**Description of the task:** For every line in the material, output its text exactly and exclude any image it holds.

**Provided data:**
[Start of Attachment]
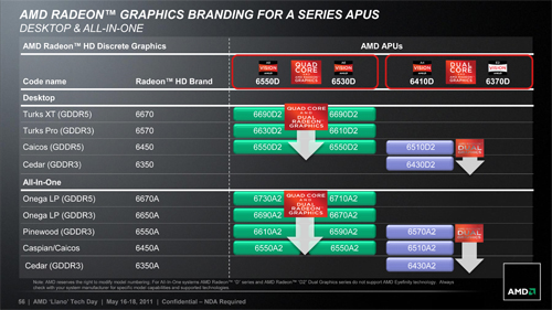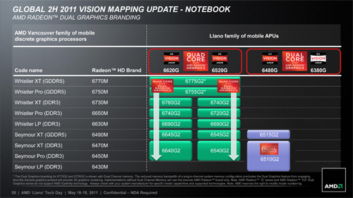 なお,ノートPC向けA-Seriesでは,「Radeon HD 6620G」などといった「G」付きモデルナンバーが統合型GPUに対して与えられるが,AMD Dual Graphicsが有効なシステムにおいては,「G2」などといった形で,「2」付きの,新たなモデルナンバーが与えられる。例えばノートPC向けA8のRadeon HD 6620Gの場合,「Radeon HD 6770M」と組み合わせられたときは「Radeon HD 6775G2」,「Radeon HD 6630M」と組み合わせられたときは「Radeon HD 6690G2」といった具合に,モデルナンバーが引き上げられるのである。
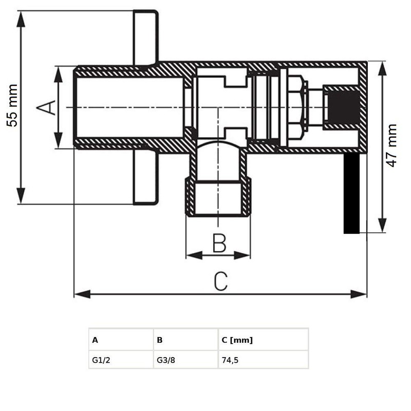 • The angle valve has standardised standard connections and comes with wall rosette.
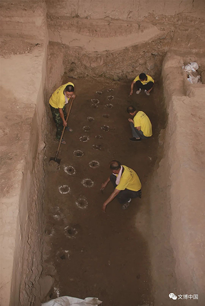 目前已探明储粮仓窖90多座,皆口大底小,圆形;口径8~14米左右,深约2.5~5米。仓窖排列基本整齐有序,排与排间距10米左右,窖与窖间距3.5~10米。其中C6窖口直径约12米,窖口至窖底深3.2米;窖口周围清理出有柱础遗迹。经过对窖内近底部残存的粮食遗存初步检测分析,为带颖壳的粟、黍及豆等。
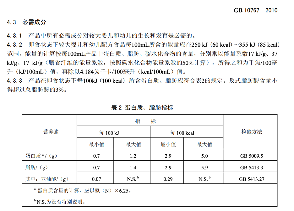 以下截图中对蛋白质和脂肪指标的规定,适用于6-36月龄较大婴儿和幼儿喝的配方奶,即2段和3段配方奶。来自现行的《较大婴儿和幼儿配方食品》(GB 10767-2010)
[End of Attachment]
**Solution:**
 なお,ノートPC向けA-Seriesでは,「Radeon HD 6620G」などといった「G」付きモデルナンバーが統合型GPUに対して与えられるが,AMD Dual Graphicsが有効なシステムにおいては,「G2」などといった形で,「2」付きの,新たなモデルナンバーが与えられる。例えばノートPC向けA8のRadeon HD 6620Gの場合,「Radeon HD 6770M」と組み合わせられたときは「Radeon HD 6775G2」,「Radeon HD 6630M」と組み合わせられたときは「Radeon HD 6690G2」といった具合に,モデルナンバーが引き上げられるのである。
 • The angle valve has standardised standard connections and comes with wall rosette.
 目前已探明储粮仓窖90多座,皆口大底小,圆形;口径8~14米左右,深约2.5~5米。仓窖排列基本整齐有序,排与排间距10米左右,窖与窖间距3.5~10米。其中C6窖口直径约12米,窖口至窖底深3.2米;窖口周围清理出有柱础遗迹。经过对窖内近底部残存的粮食遗存初步检测分析,为带颖壳的粟、黍及豆等。
 以下截图中对蛋白质和脂肪指标的规定,适用于6-36月龄较大婴儿和幼儿喝的配方奶,即2段和3段配方奶。来自现行的《较大婴儿和幼儿配方食品》(GB 10767-2010)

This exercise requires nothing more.